Il se retourna. L’homme qui lui parlait n’était pas un agent de sécurité, mais il dégageait la même autorité tranquille. Costume gris anthracite sur mesure, expression impassible – ce bref instant de silence avant que le pouvoir ne se manifeste.

« JasonLee », dit l’homme en tendant la main.

Evan cligna des yeux une fois avant de se reprendre. Lee. Comme dans… Il serra la main, ressentant le poids tranquille d'un calme imperturbable qu'aucune formation de cadre supérieur ne saurait simuler.

« C’est un plaisir de faire enfin votre connaissance », dit Jason. « Nous suivons votre travail avec Apexsoundscapes. Ma femme vous recommande à notre équipe de post-production depuis des mois. »

Evan perçut un léger sourire derrière lui — LilianaCelestineLee, lumineuse bien que sans artifice, se tenant juste assez en retrait pour que la conversation reste privée.

« Avec plaisir », dit-elle doucement. « Toi et le groupe de Jimin — InfinityLine, n’est-ce pas ? — avez donné une nouvelle dimension sonore à Apex. J’ai entendu dire que vos concerts sont devenus de véritables événements. »

« On essaie de ne pas exagérer le volume », a réussi à dire Evan avec un sourire.

Derrière lui, leur manager, une femme au professionnalisme impeccable dont l'attention restait toujours concentrée sur ses artistes, s'avança. « Excusez-moi, EunSeo », présenta-t-elle d'un ton sec. « Je gère les engagements publics des groupes et coproductions d'Apex. C'est un honneur. » Elle fit un signe de tête aux Lee, diplomate mais protectrice. Evan perçut la subtilité : elle laissait rarement ses artistes intervenir dans une conversation sans contexte.

Jason désigna le couloir latéral. « Entrez tous les deux. Les photographes ne trouveront pas le chemin par ici, et Mara est trop occupée à préparer son prochain article à sensation. »
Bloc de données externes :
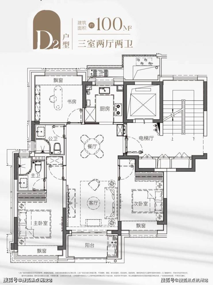 另一套 建面约100㎡飞机户型,同样做了三房两卫 ,户型方正,几乎无过道设计,每一寸空间都没有浪费,舒适不局促。
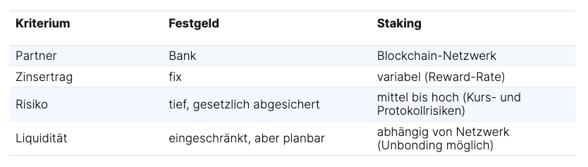 Festgeld und Staking im Vergleich
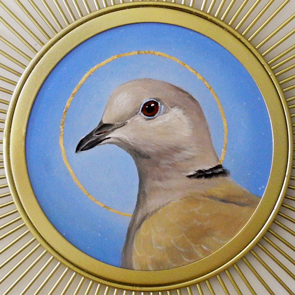 Original painted portrait of a Collared Dove on blue background with gold leaf halo. Set in a round gold sunburst frame.
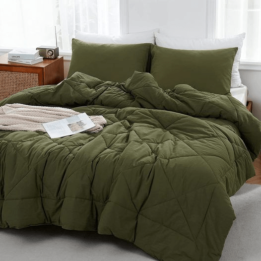 This 3-piece Olive Green Bedding Set is on ⚡ Deal + apply code 30SGE9XE at checkout for additional savings! You can grab a set in size queen or king for between $36.49-$38.49! Tell us if you got it! #ad
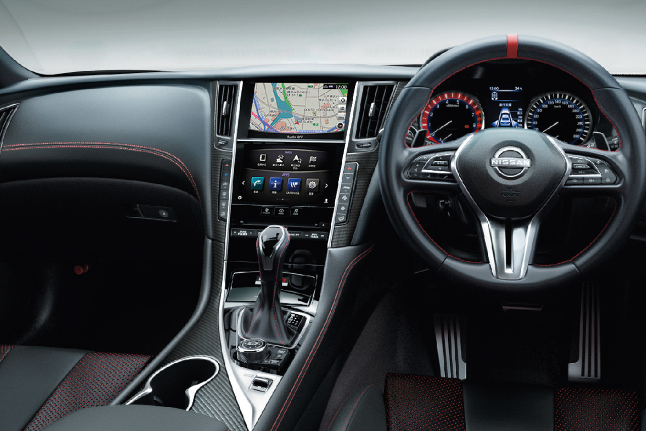 Inside, the Skyline NISMO has an interior designed for grand touring, ensuring high levels of comfort but at the same time keeping occupants in place during high-speed applications. The cockpit features a leather-wrapped steering wheel with the usual NISMO red center mark.
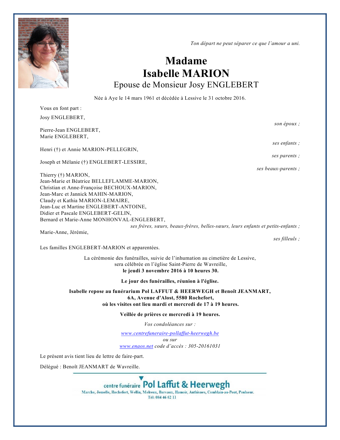Décédée à Lessive (5580) le lundi 31 octobre 2016 à l'âge de 55 ans
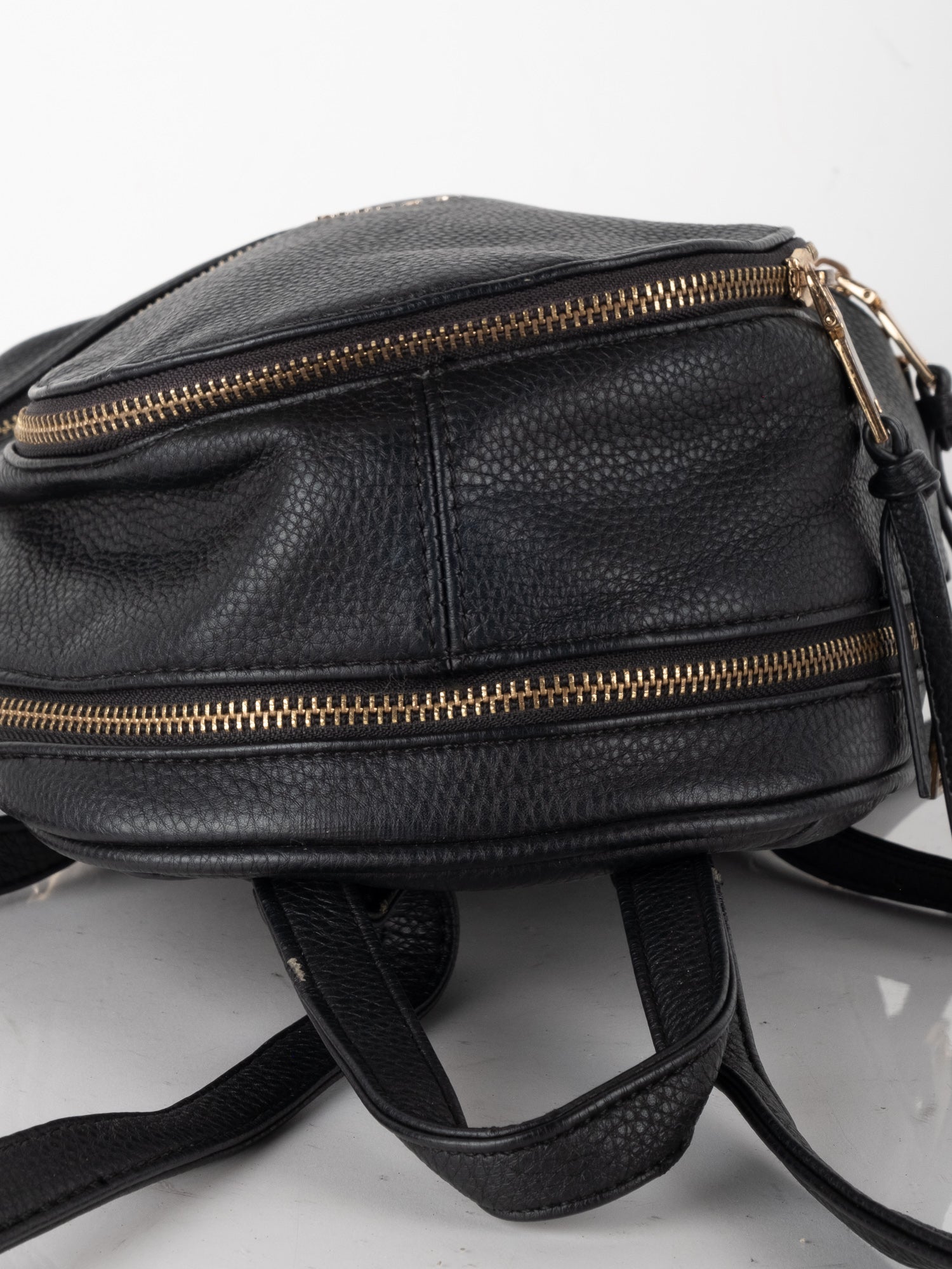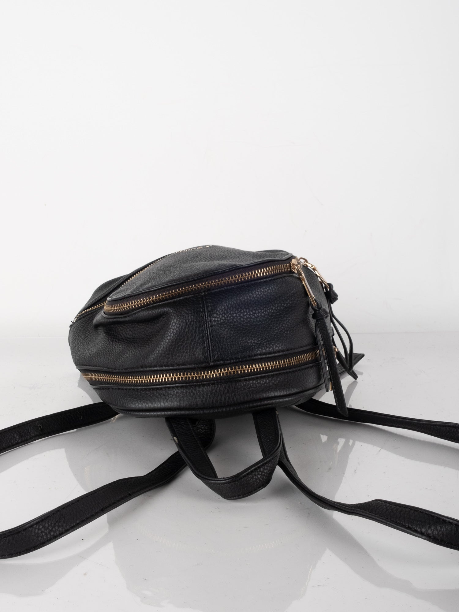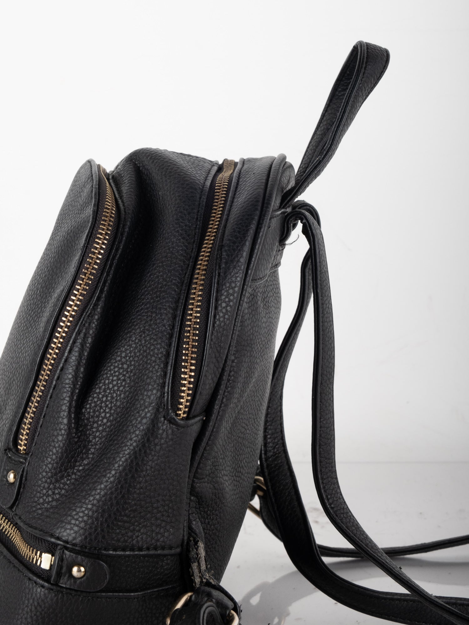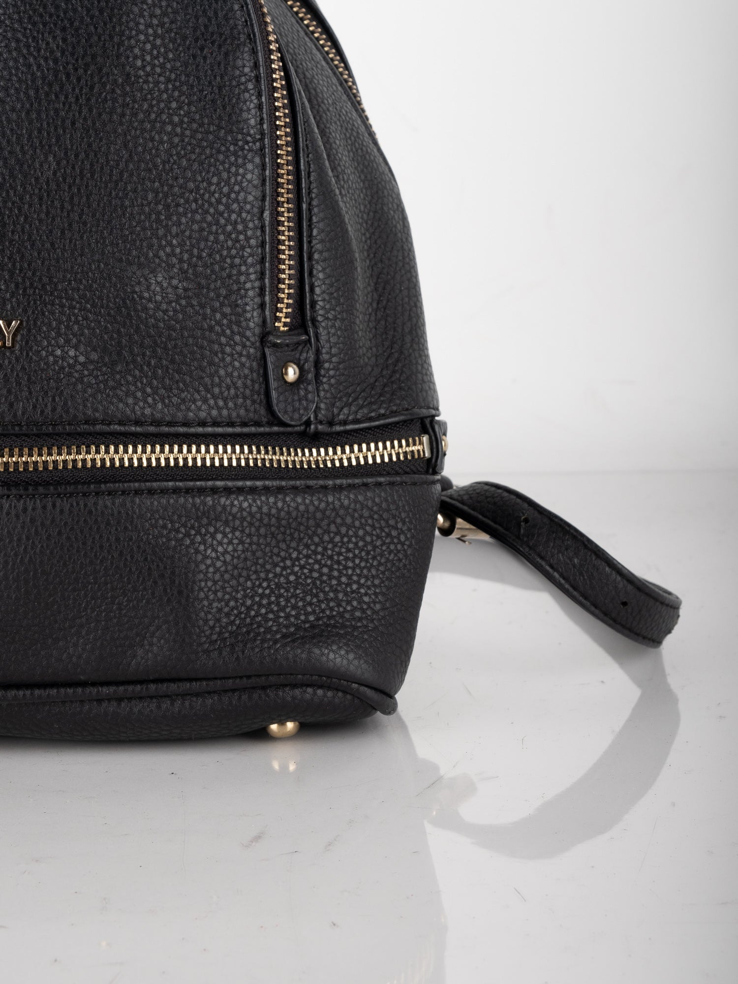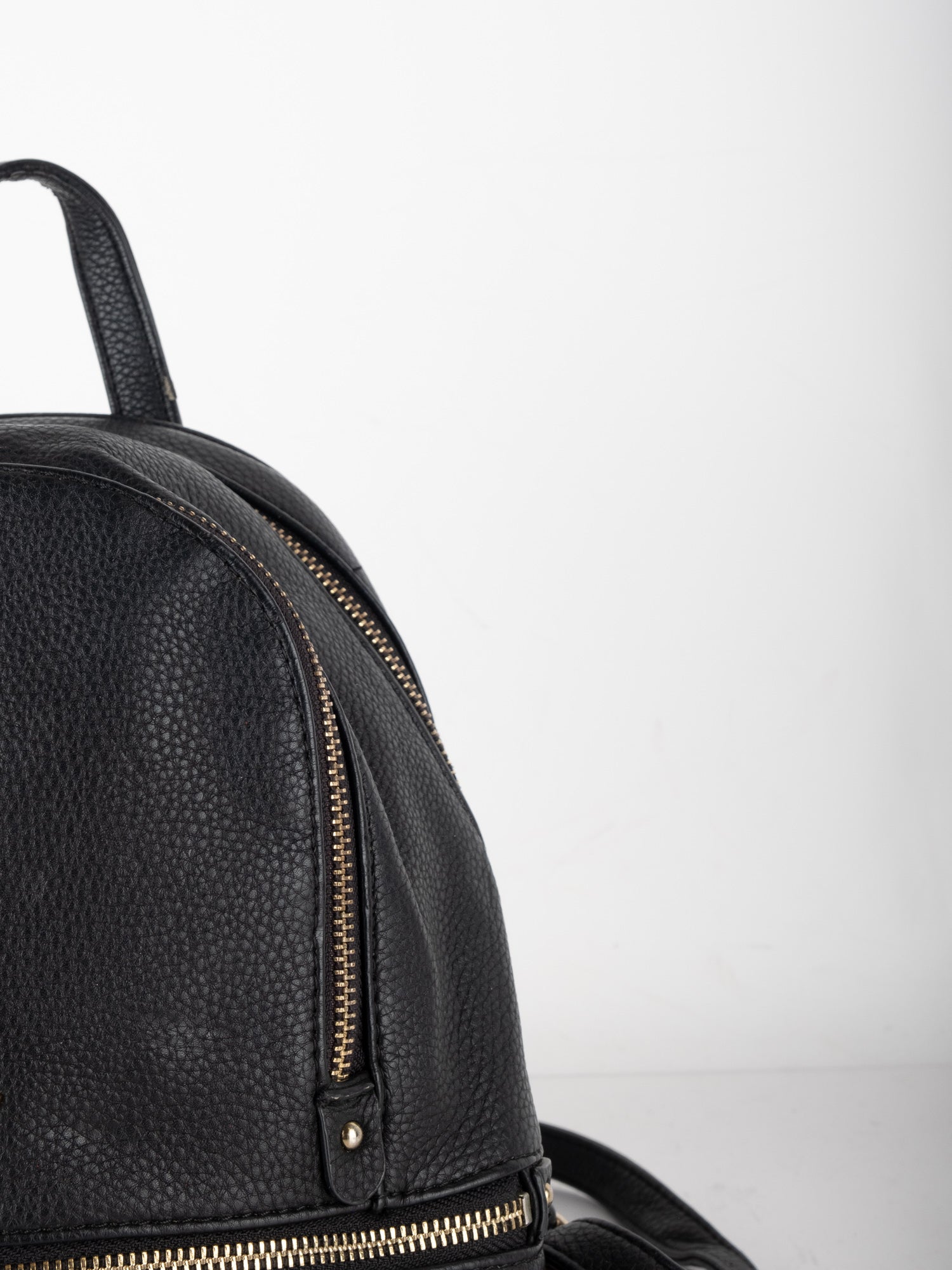 התיק עשוי עור במרקם טבעי, רוכסני מתכת מוזהבים, ידית עליונה, רצועות גב מתכווננות, כיס קדמי עם רוכסן.
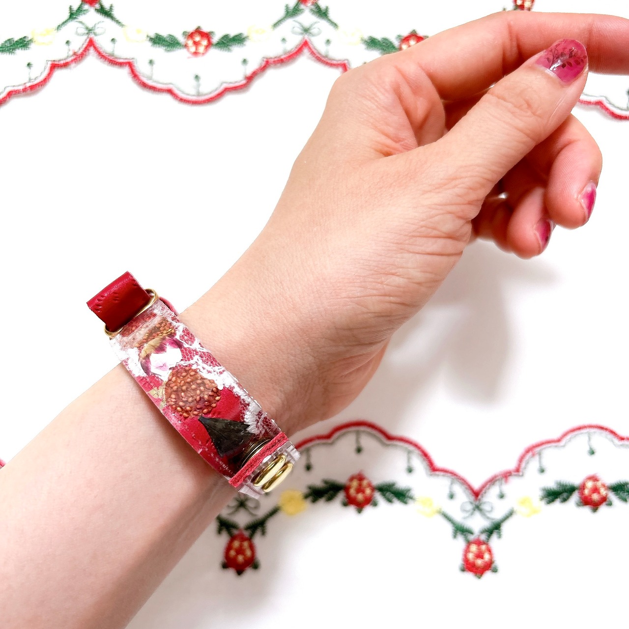赤い本革の上に白いスカラップレース、苺をのせたショートケーキのようなデザイン。
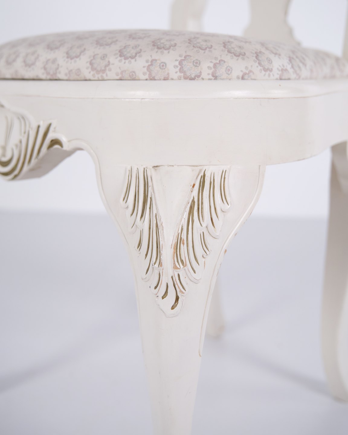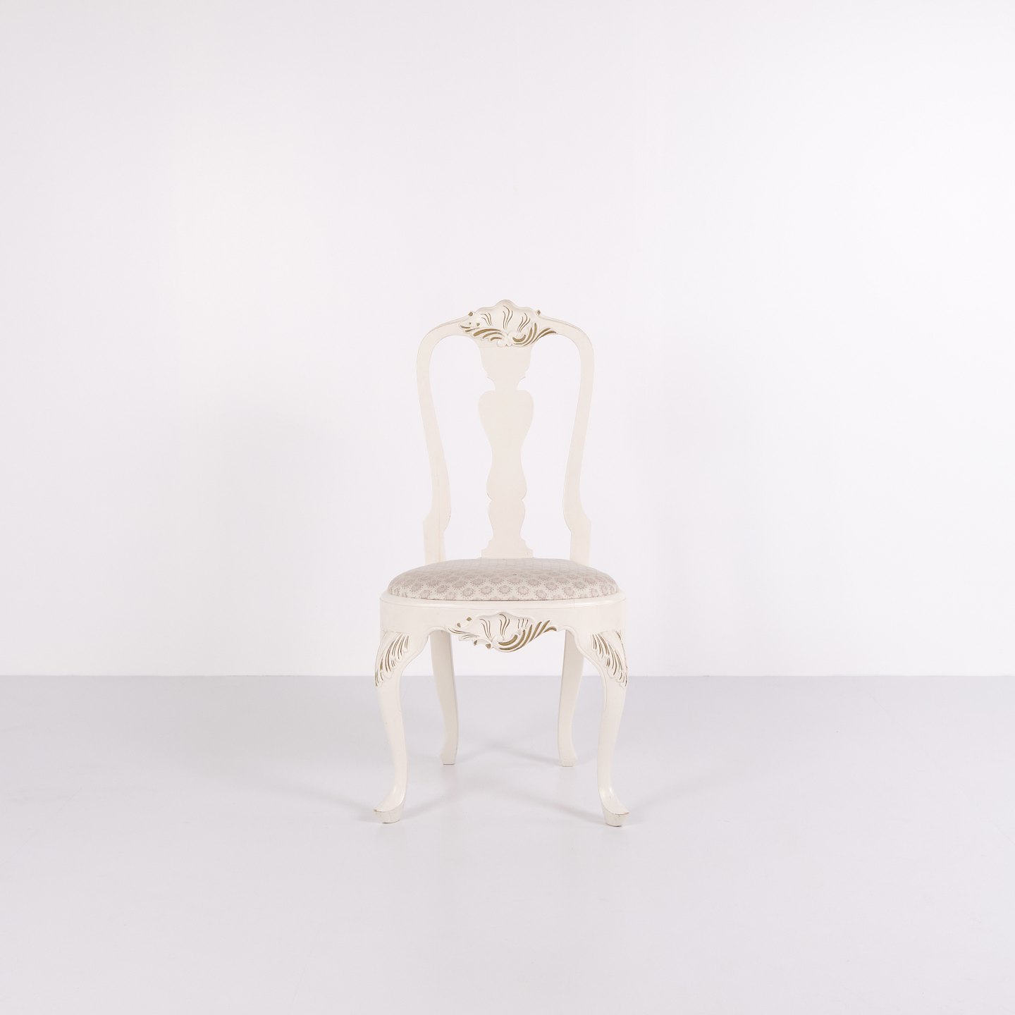 Antique dining chairs in neo rococo style from the 1920s. Set of 6 white painted chairs with decorative details.
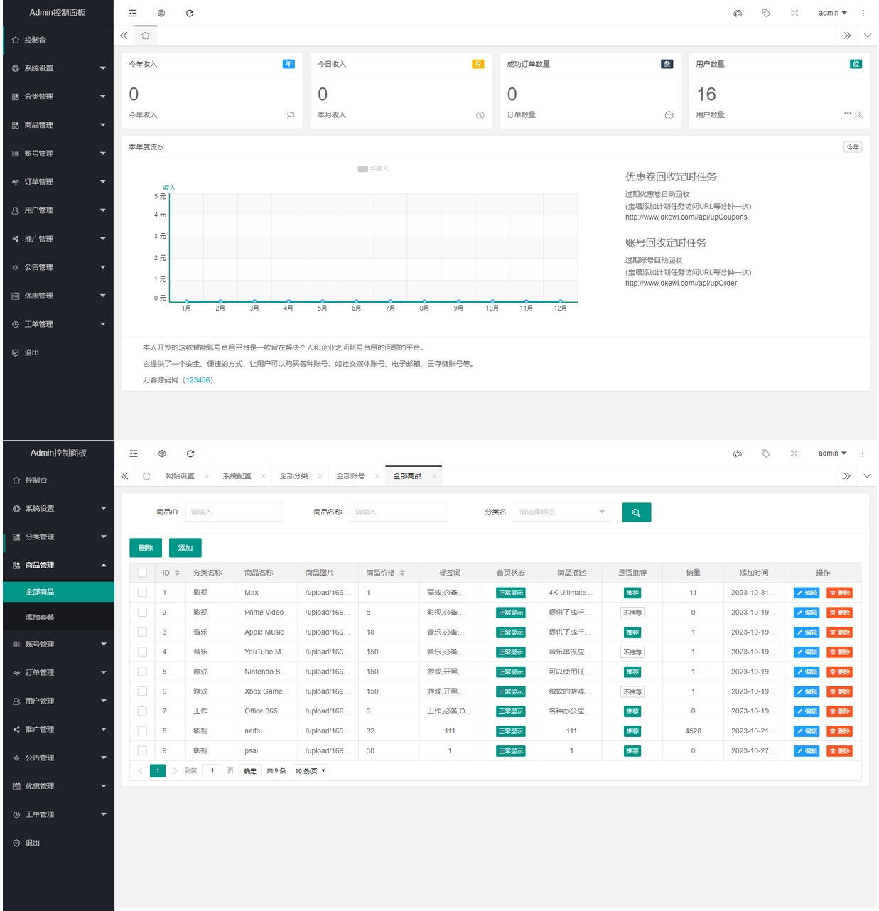 这款租号平台源码,是采用常见的租号模式,目前网络上较为少见。其主要功能包括:支持单独租用或合租模式,采用易支付通用接口进行支付,添加邀请返利功能以推广,提供用户提现功能,添加工单系统,前台UI适配移动端和PC端,支持邮箱登录(即注册模式),可添加不同类型的优惠卷,添加公告系统,管理员可在后台发布相关文章。

L’invitation n’était pas vraiment une demande. Ils le suivirent dans un passage étroit éclairé d’une lumière tamisée. Le bourdonnement du toit s’estompa, remplacé par un léger souffle de climatisation et un jazz étouffé qui s’échappait des conduits d’aération.

La loge verte était à la hauteur de sa réputation : des tons émeraude doux, un mobilier minimaliste et des photos encadrées des classiques de CelestineStudio discrètement accrochées à un mur.

« C’est impressionnant », dit Evan, laissant le calme s’installer autour de lui. « Difficile de croire qu’il puisse y avoir du calme si près de ce chaos. »

Le léger sourire de Liliana persista. « C’est bien là l’essentiel. La créativité ne s’épanouit pas dans le bruit. Nous avons simplement appris à créer des espaces de calme où nous pouvons encore être vus. »

Evan l’observa un instant. Chacun de ses mouvements reflétait la précision d’une danseuse, une précision que l’on retrouvait chez Claire. Même le rythme de sa parole était empreint de cette même retenue : une grâce sans soumission.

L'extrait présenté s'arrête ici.